Sooner or later, your guitar is going to need a new pair of strings, and when it does, you'll find the process of changing strings goes a lot smoother and faster with the right tools - and that means a string or peg winder. This handy tool allows you to wrap the string on to the post much faster than doing it by hand.

Dunlop String Winders.jpg

Fig. 2: Dunlop's string winders also include a gripper for pulling bridge pins out of acoustic guitars.


A slot in the front of these Dunlop String Winders (Fig. 2) also serves as a handy gripper for pulling bridge pins out of an acoustic guitar without damaging them like you would by using pliers to grip them, and it's generally easier than trying to push them out by reaching into the soundhole to push or tap them out.

Bass players, don't feel left out: string winders are also available for bass-sized tuning keys. The Planet Waves Bass Pro String Winder even has a string cutter built-in… which leads us to the next essential accessory - a good set of tools.




General guitar setup and maintenance requires the right tools. This can be one multi-tool, a few select tools, or even a pre-configured collection of guitar setup tools, but you need to have something that can cut strings, adjust the truss rod, bridge height, and string intonation settings.
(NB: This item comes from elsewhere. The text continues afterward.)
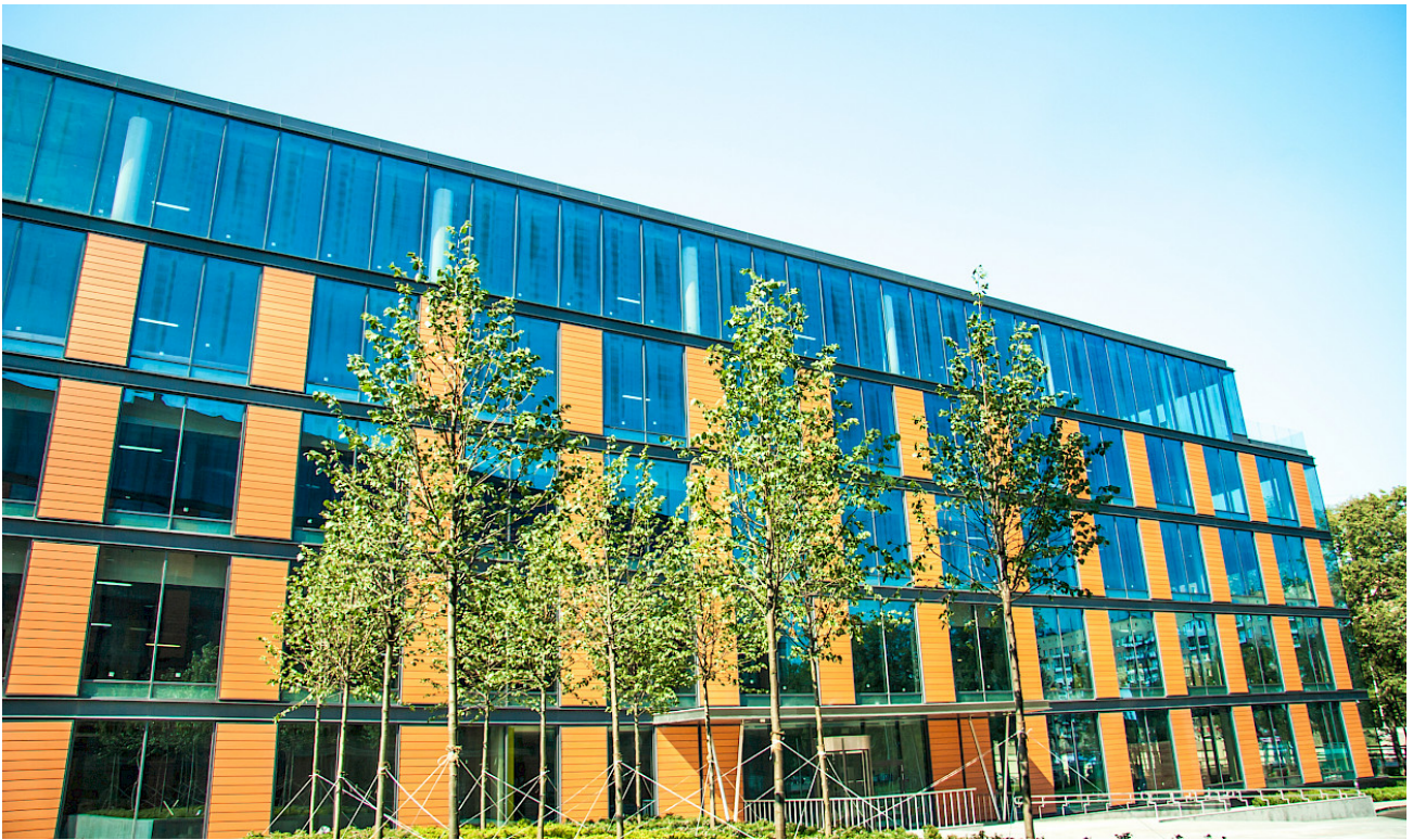
Characteristics of a building in the harmonious-modern category: functional with an understated design

Depending on what type of guitar(s) you have and the tools required, that might mean a couple of allen wrenches, string cutters, and a small screwdriver. You may already have these tools in your toolbox. If not, there are affordable guitar-oriented toolkits available, and also multi-tools designed specifically for guitar.
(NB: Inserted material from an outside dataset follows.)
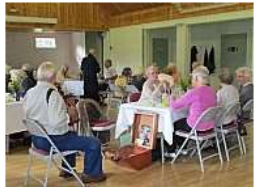
The Seniors Lunch Club at the Stratherrick Hall

Next year's Great Wilderness Challenge is on 11 August 2018 www.greatwildernesschallenge.info

How important is it to know how to adjust your guitar? Once when interviewing Eric Johnson for an article on his guitar technique, he picked up his Strat and began to play, stopping almost instantly because it had developed a slight buzz on the 3rd string. In a matter of mere seconds, he reached into his case, pulled out a truss-rod wrench, administered a couple of cranks, and eliminated the buzz—without ever breaking his conversational stride.

This shows what an intimate knowledge of your instrument can bring. You can not only play it, but also make adjustments and minor repairs to it too—often on the fly. These repairs can be as simple as fixing fret buzzes and intonation problems, which can happen as a result of an environmental change or some other event’s causing a misalignment of your guitar. To obviate the negative effects quickly and accurately, you must know the mechanical elements of your guitar and be facile in dealing with them.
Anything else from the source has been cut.